A fruit as delicately fragrant as this should really be eaten on its own - not messed about, cut up, mixed into fruit salads or otherwise compromised. The skin is thin and easily removed. The seeds are not attached to the fleshy aril which yields to gentle pressure of teeth and tongue.

Dried longan : Longans and lychees are both sold dried. Their skin, even more brittle when dried surrounds a shrunken fruit which is dark, sweet and slightly smoky in flavor and resembles a round raisin. Sometimes sold minus the seeds, compressed into a cake, in small, expensive packets.

Dried longans are simmered with black sticky rice in a Nyonya version of rice pudding, or eaten as a snack like any dried fruit. They are boiled in water to make cool drinks, floating in lightly sweetened liquid together with finely shredded agar-agar jelly, barley, white fungus, water chestnuts, Chinese red dates and crushed ice.

Purchasing and storing : When purchasing longans, try to buy those still attached to stems. They are usually sold in twiggy bunches. When the fruit fall off after a few days they are gathered into bags, sold by weight, and by this stage are not as fresh as they once were, but can still be very nice if they are sound. Make sure the skins are not cracked and that they have no moist spots on them. They should be stored in a cool place and eaten within a day or two.

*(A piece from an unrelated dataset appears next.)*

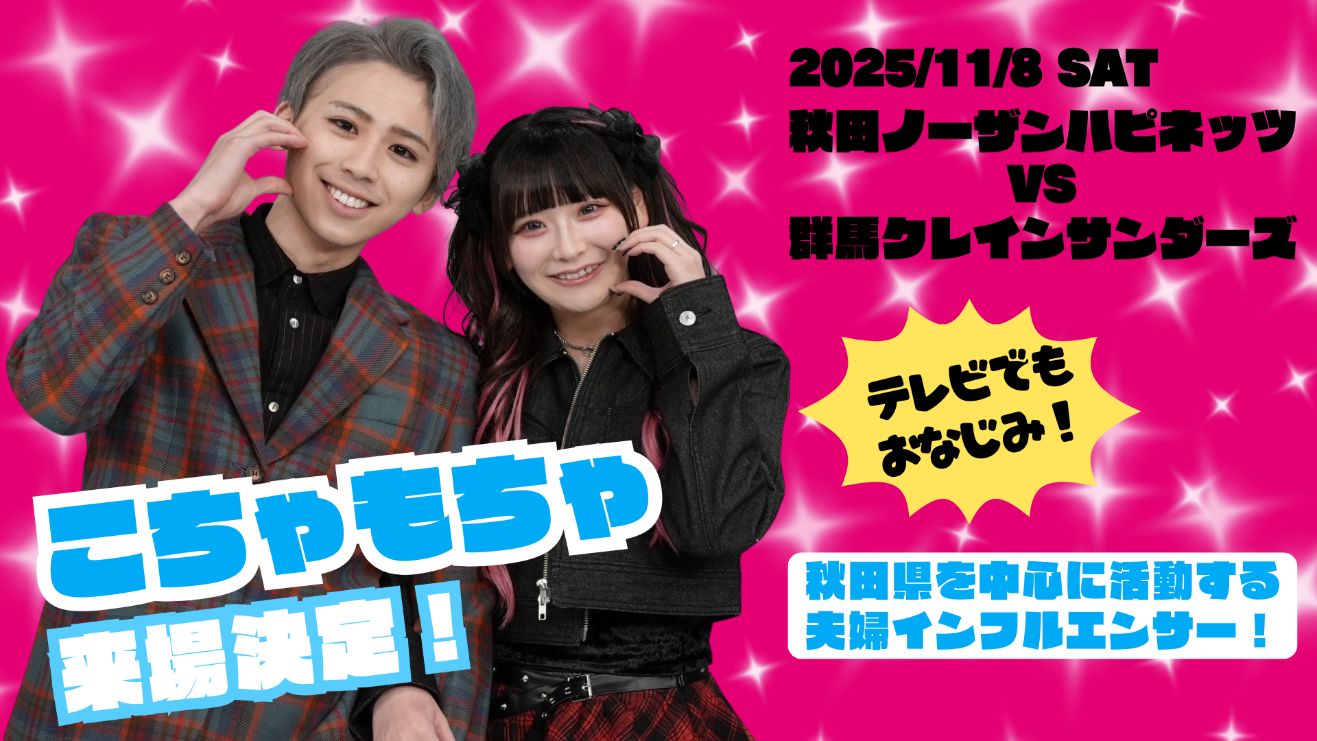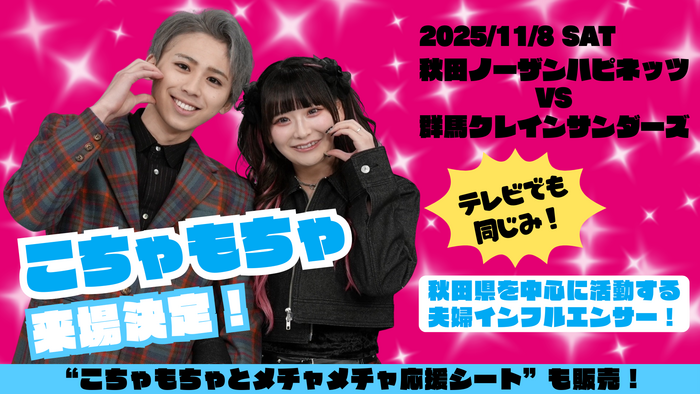 11月8日(土)の群馬クレインサンダーズ戦に、秋田県で活動する夫婦インフルエンサーの“こちゃもちゃ”さんの出演が決定しました!

Out of season, purchase longans in cans. They are one of the few tropical fruits that tolerate canning without losing too much of their flavor and texture. In this form they are delicious with almond jelly, or as part of a fruit medley served in a small watermelon shell offering balls of honeydew, watermelon and longans. Do not include rockmelon (cantaloupe), which would be too strong-flavored and drown out the rest.